Many presenters at CSE19 focused on machine learning methods and algorithms. In fact, a minisymposium entitled “The Intersection of Graph Algorithms and Machine Learning” featured several talks on clustering and learning from discrete datasets and networks. For instance, Nesreen Ahmed (Intel Research Labs) introduced an algorithm that learns useful graph representations from diverse datasets. Azad spoke about his group’s search for a consensus clustering among segmented brain fMRI images (see Figure 1). Several other researchers addressed the application of deep neural networks to the solution of challenging problems in data analytics.

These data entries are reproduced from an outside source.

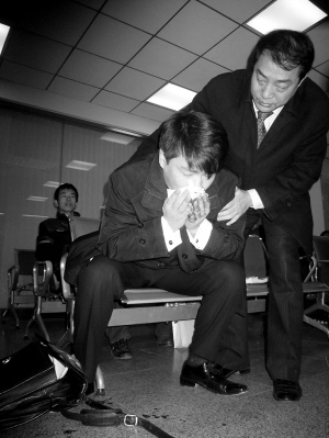 黃靜的代理人周成宇和代理律師付占平一起來到朝陽法院,向法院遞交向華碩討名譽(yù)權(quán)索賠100萬的立案申請,在排號機(jī)上取號后,周成宇與律師進(jìn)入受理大廳等候。就在眾人等待之時(shí),剛才還在與律師交談的周成宇突然口噴鮮血,令大廳內(nèi)的人吃驚不已。有記者遞給周成宇紙巾,擦拭嘴上的血跡,在律師的攙扶下,周成宇坐下,幾次又出現(xiàn)嘔血的狀況。雖然他一直稱沒事,拒絕叫急救車,但臉色蒼白,拿著紙巾的手也不住地顫抖。
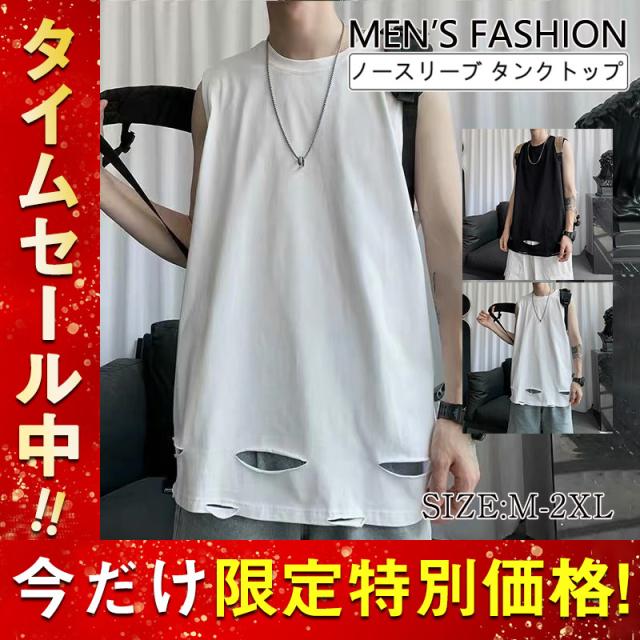 タンクトップ メンズ ノースリーブ Tシャツ カットソー 袖なし 大きい 夏 トップス 軽量 無地 ビッグシルエット ゆったり か
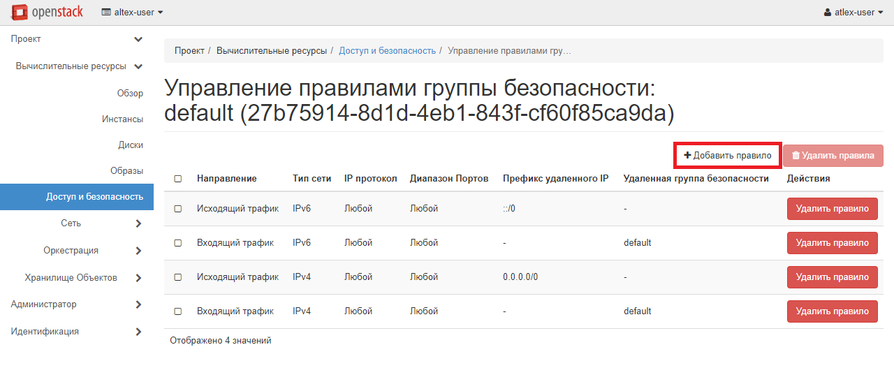 Чтобы получить доступ к созданной виртуальной машине, необходимо изменить правила группы безопасности. Для этого необходимо перейти в раздел «Вычислительные ресурсы» - «Доступ и безопасность». В данном разделе можно как создать новые правила, так и редактировать существующие.
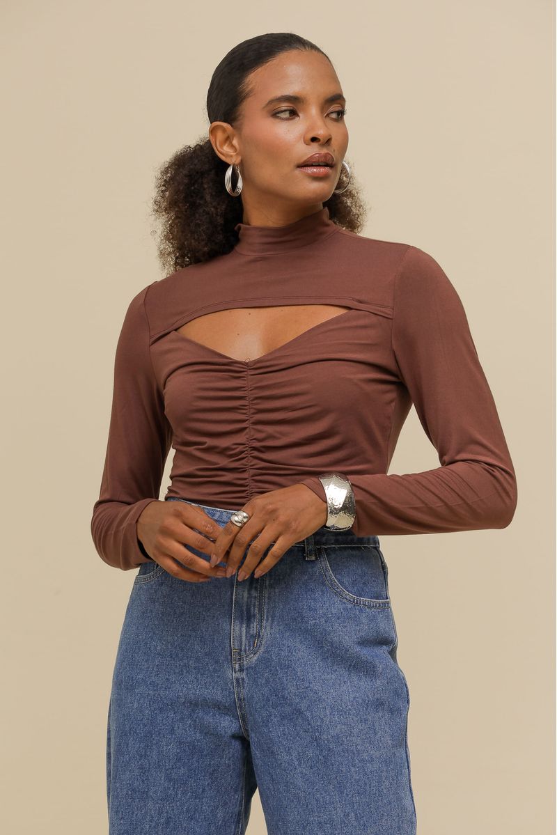 Blusa de Malha Franzido na Frente MARROM

### High-performance Computing

With ever-increasing amounts of data and the availability of parallel computers, parallel algorithms and high-performance computing are trending themes in high-end data analytics that involve the SIAG/ACDA community. A two-part minisymposium at CSE19 entitled “Graph and Combinatorial Algorithms for Enabling Exascale Applications” was dedicated to massively-parallel graph and combinatorial algorithms. Arif Khan (Pacific Northwest National Laboratory) exhibited a parallel approximation algorithm to solve a data privacy problem called adaptive anonymity for a terabyte-scale healthcare dataset on a computer at Lawrence Berkeley National Laboratory’s National Energy Research Scientific Computing Center. Mostofa Patwary (NVIDIA) demonstrated a scalable clustering algorithm called BD-CATS that can cluster 1.4 trillion cosmological particles using 100,000 cores on a Cray supercomputer. Speakers across various minisymposia introduced parallel combinatorial algorithms for multicore processors, graphics processing units, distributed supercomputers, and cloud infrastructures.

*We are looking forward to more talks of this flavor at the SIAM Workshop on Combinatorial Scientific Computing, to be held in Seattle, Wash., from Feb 11-13, 2020, as well as the first SIAM Conference on Applied and Computational Discrete Algorithms in 2021. SIAG/ACDA invites new and existing SIAM members with interest in designing “algorithms in the real world” that solve application-motivated problems to join us.*
Ariful Azad is an assistant professor of intelligent systems engineering at Indiana University Bloomington. He received his Ph.D. from Purdue University and was a Research Staff Member at Lawrence Berkeley National Laboratory. Bora Uçar is a CNRS researcher at the Laboratoire de l’Informatique du Parallélism, École normale supérieure in Lyon, France. He received his Ph.D. from Bilkent University in Ankara, Turkey, and has worked at the Centre Européen de Recherche et de Formation Avancée en Calcul Scientifique in Toulouse, France. Alex Pothen is a professor of computer science at Purdue University. He is chair of the SIAM Activity Group on Applied and Computational Discrete Algorithms.